HS2 chooses innovations for start-up programme

HS2 train to illustrate HS2 Ltd
Carbon accounting, gravity sensors that can identify underground hazards, and hyper-local weather forecasting are among the latest innovations that HS2 Ltd has chosen for its Innovation Accelerator programme.

This is the fifth round of HS2’s start-up incubator. In a first for the programme, the five SMEs in the new cohort – notably from outside of construction – will be based at the operations hubs of HS2’s main civil works contractors. This is to both acquaint them with construction and help focus development of their technology for the industry.

HS2 Ltd innovation manager Jon Kelly said: “With our fifth Innovation Accelerator, we’ve brought in a cohort of tech firms from outside the construction sector to introduce new thinking and ways of working. We hope [this] can drive efficiencies across all the HS2 programme’s phases.

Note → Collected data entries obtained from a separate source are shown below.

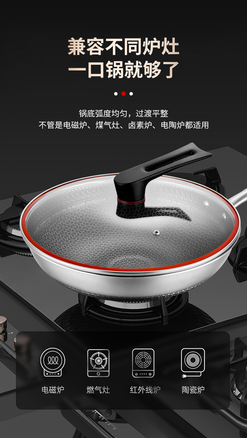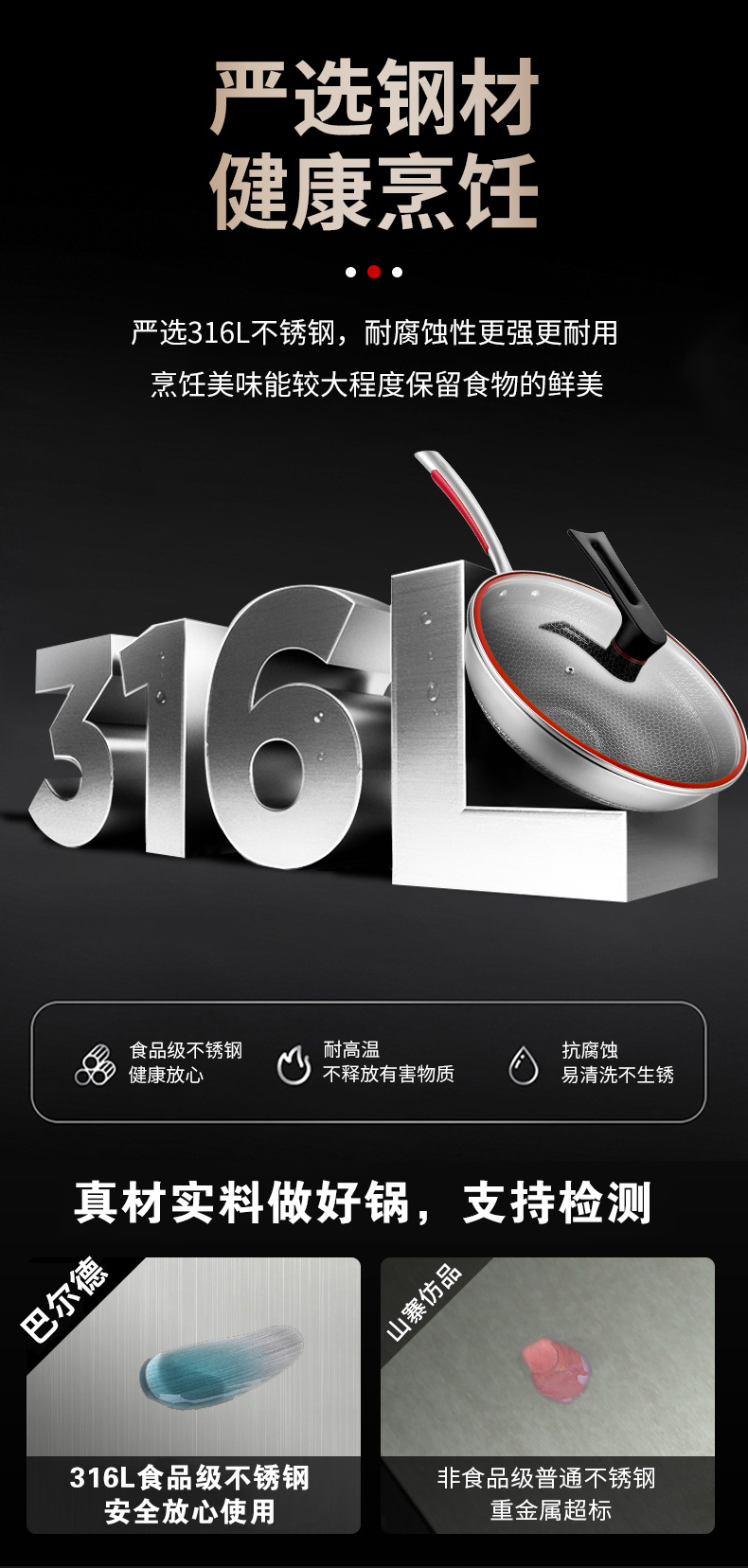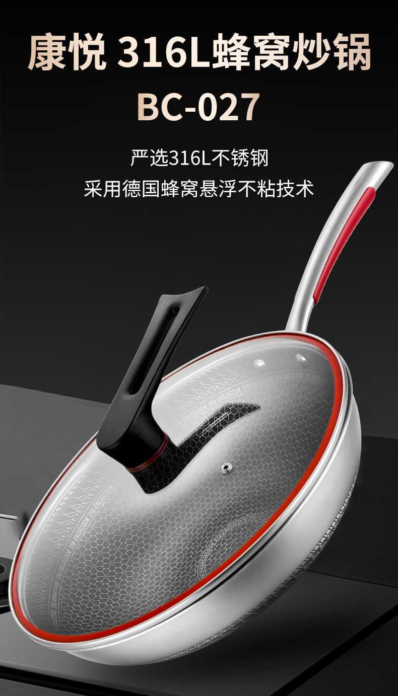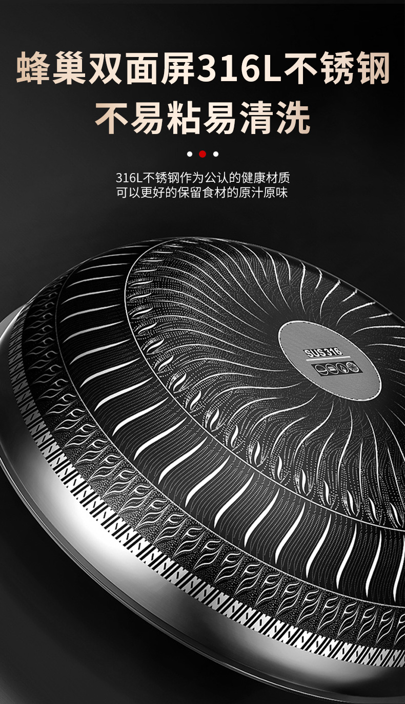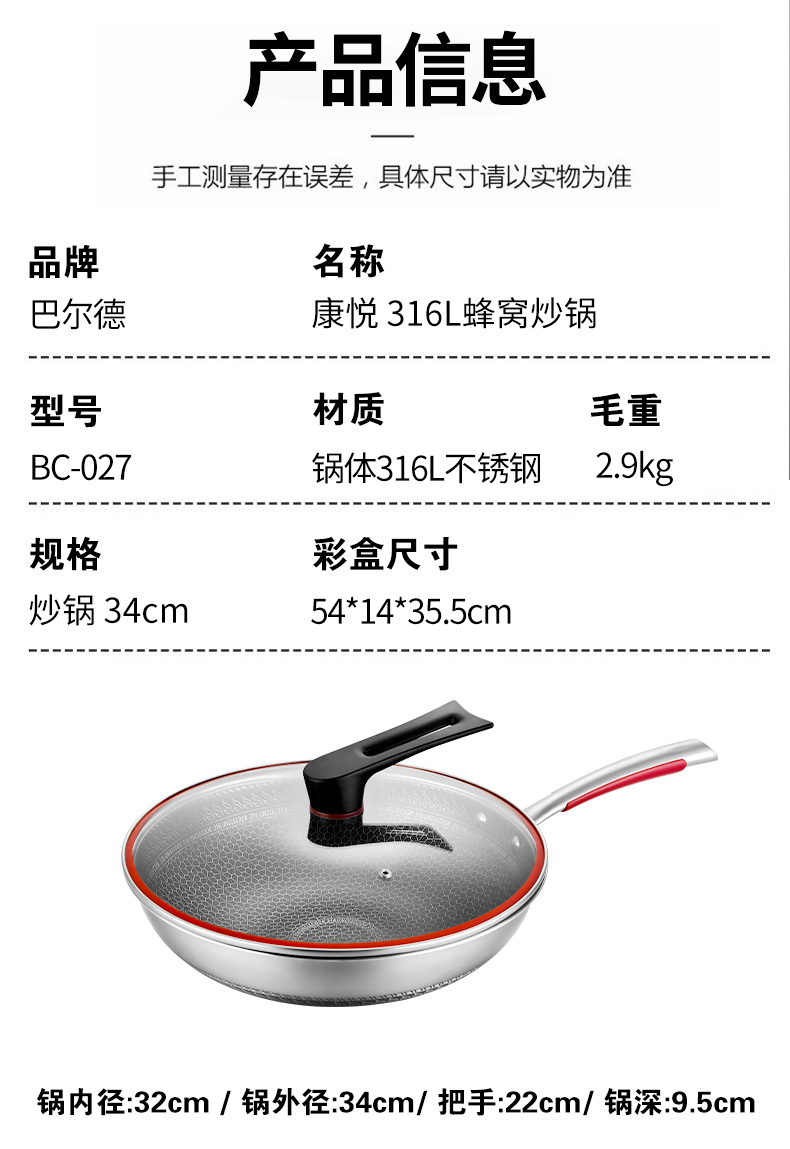 商品名称:(WS)TI-BRO/巴尔德32cm康悦316L蜂窝炒锅BC-027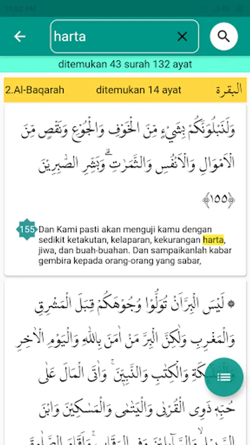 -Menu search for the content of surah / verse in translation or Arabic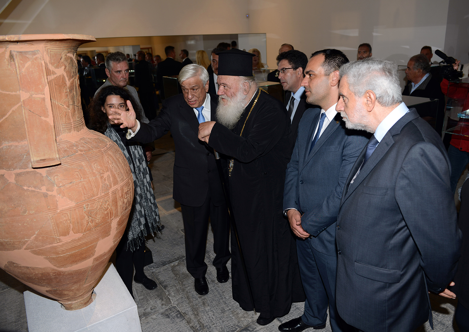 Μετά το πέρας της τελετής οι καλεσμένοι επισκέφτηκαν την πρωτοποριακή αρχαιολογική έκθεση "VANITY- Η ιστορία του κοσμήματος στις Κυκλάδες" στο Μουσείο της Μυκόνου και ξεναγήθηκαν από τον Προϊστάμενο της Εφορείας Αρχαιοτήτων Κυκλάδων κ. Δημήτρη Αθανασούλη και τους συνεργάτες του. Η έκθεση που αποτελεί μία συνδιοργάνωση της Εφορείας Αρχαιοτήτων Κυκλάδων και του Δήμου Μυκόνου και τελεί υπό την αιγίδα της Προεδρίας της Δημοκρατίας -όπως και άλλες ανάλογες πολιτιστικές εκδηλώσεις που πραγματοποιήθηκαν φέτος το καλοκαίρι στην Μύκονο- προκάλεσε τον ενθουσιασμό των υψηλών καλεσμένων μας για τη μοναδικότητά της στον ελληνικό χώρο.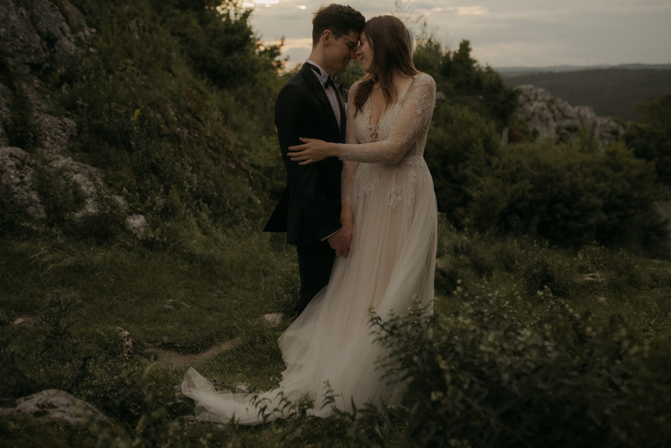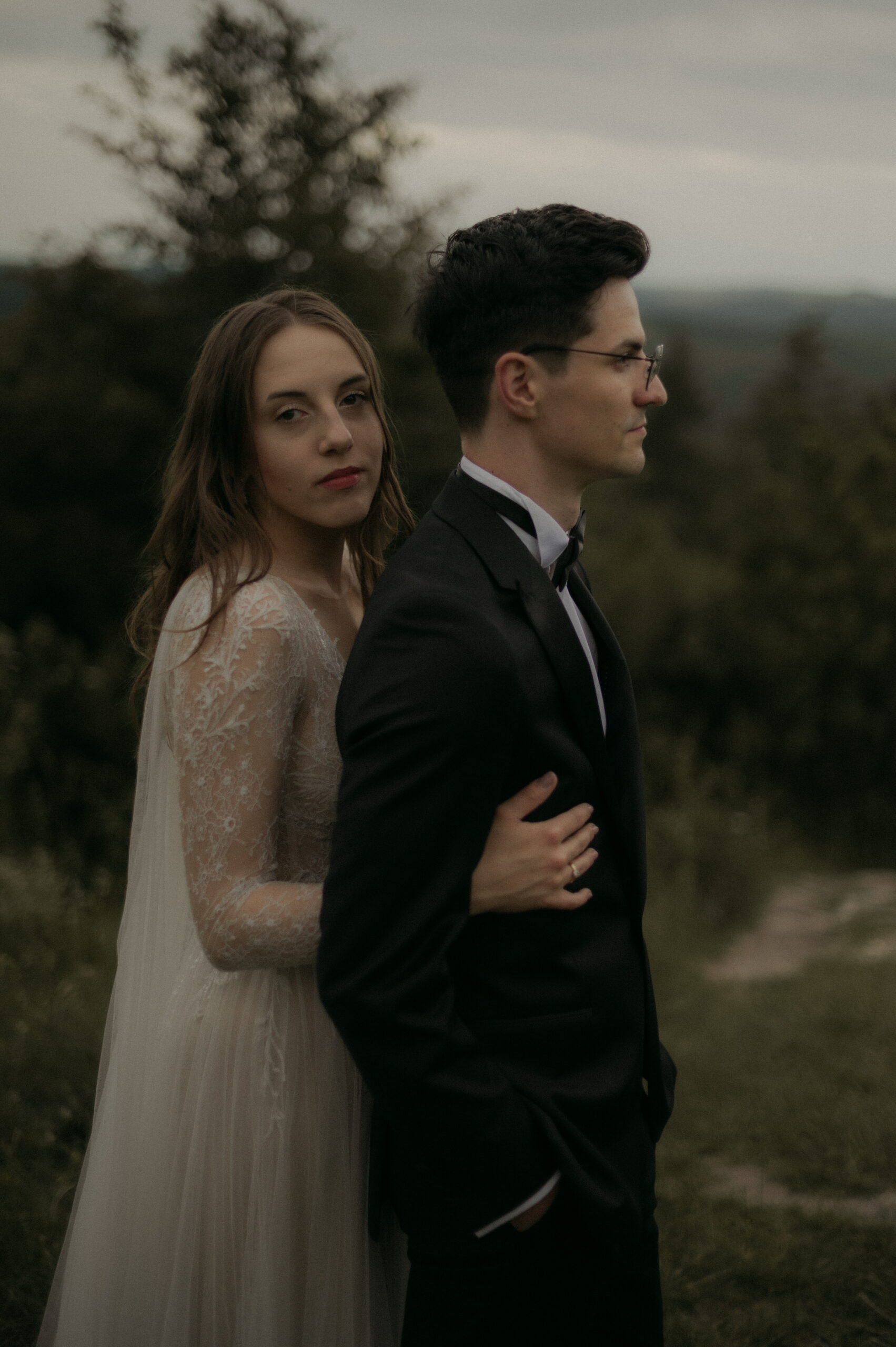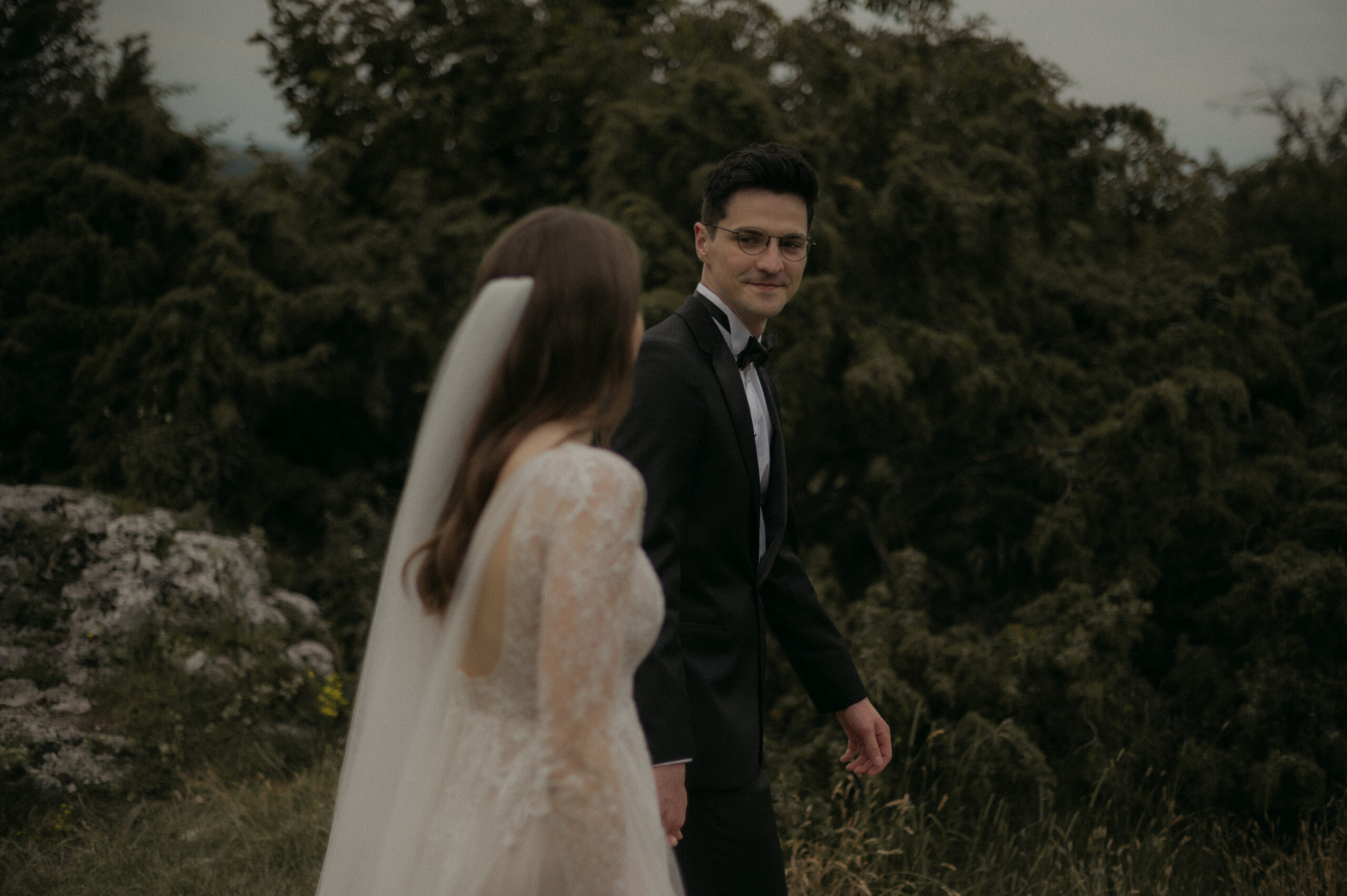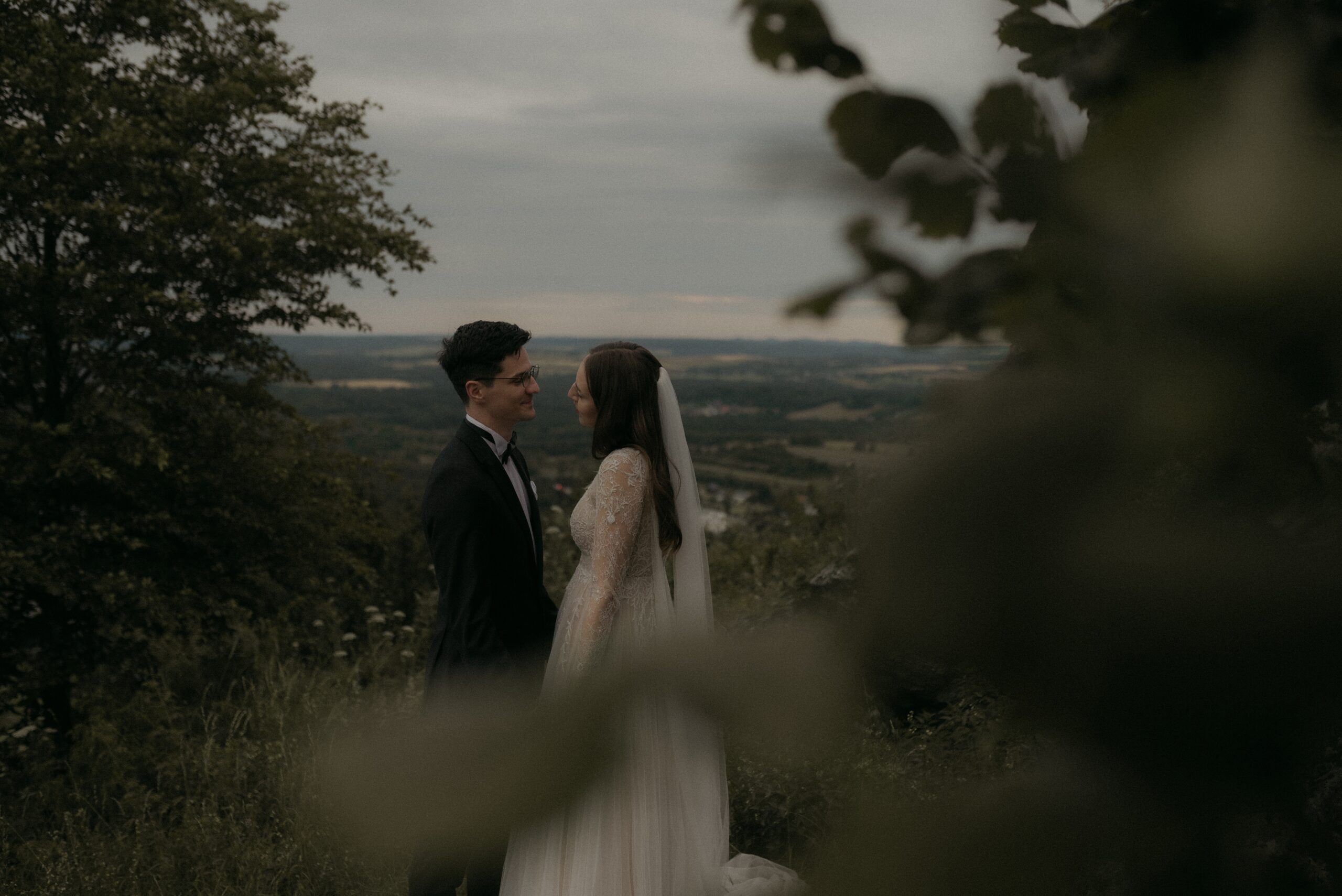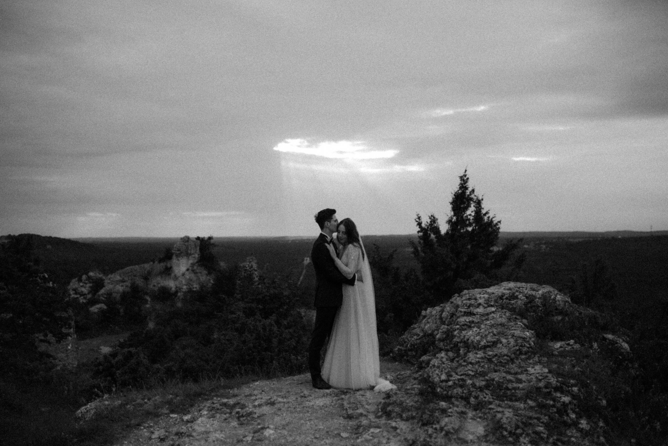 Są takie historie, które od pierwszej chwili brzmią jak melodia. Tak właśnie jest z Zosią i Przemkiem, których właśnie połączyła muzyka, a ich wspólna opowieść rozbrzmiewa harmonią miłości, bliskości i uśmiechu. Na sesję ślubną wybraliśmy Górę Zborów, miejsce pełne magii, przestrzeni i światła. Gdy dotarliśmy na szczyt, nasze oczy napełniły się zapierającym dech widokiem. Cały krajobraz wraz z Zosią i Przemkiem tańczyli w świetle, które jakby specjalnie dla nich zagrało ostatnie nuty dnia. Śmialiśmy się, żartowaliśmy, a każda chwila była lekka i prawdziwa. To było jedno z tych spotkań, podczas których naprawdę czujesz, że uczestniczysz w czymś wyjątkowym.

“In addition, we want to see value added to UK plc by helping small, innovative businesses to develop their technology, and grow their businesses by providing opportunities to tap into the huge construction industry.”

The five SMEs are as follows.

Silicon Microgravity

Silicon Microgravity is a SME spun out from Cambridge University research. It is developing non-invasive next-generation gravity sensors to identify underground hazards. The sensors could be deployed for ground investigation surveys and utility diversion planning.


EHAB is developing hyper-local weather forecasting and using AI to optimise daily works schedules according to when or if rain is due. Reducing weather-related delays helps to maintain programme timetables and control costs.

EHAB recently raised £950,000 from its existing investors Insurtech Gateway and LEFA Enterprises, alongside Portfolio Ventures. This brings total funding to date to £1.4m which includes an Innovate UK grant.

Immense Simulations

Immense Simulations will further develop its AI-based strategic and operational transport planning tool to de-risk the effects of works traffic on local road networks. The technology could also help plan for the future effects that HS2 stations could have on traffic movements in surrounding areas.


Consequence has developed carbon accounting technology that illustrates the full carbon content of construction materials used on HS2.  


Mafic is developing technology to enhance productivity and protect delivery schedules.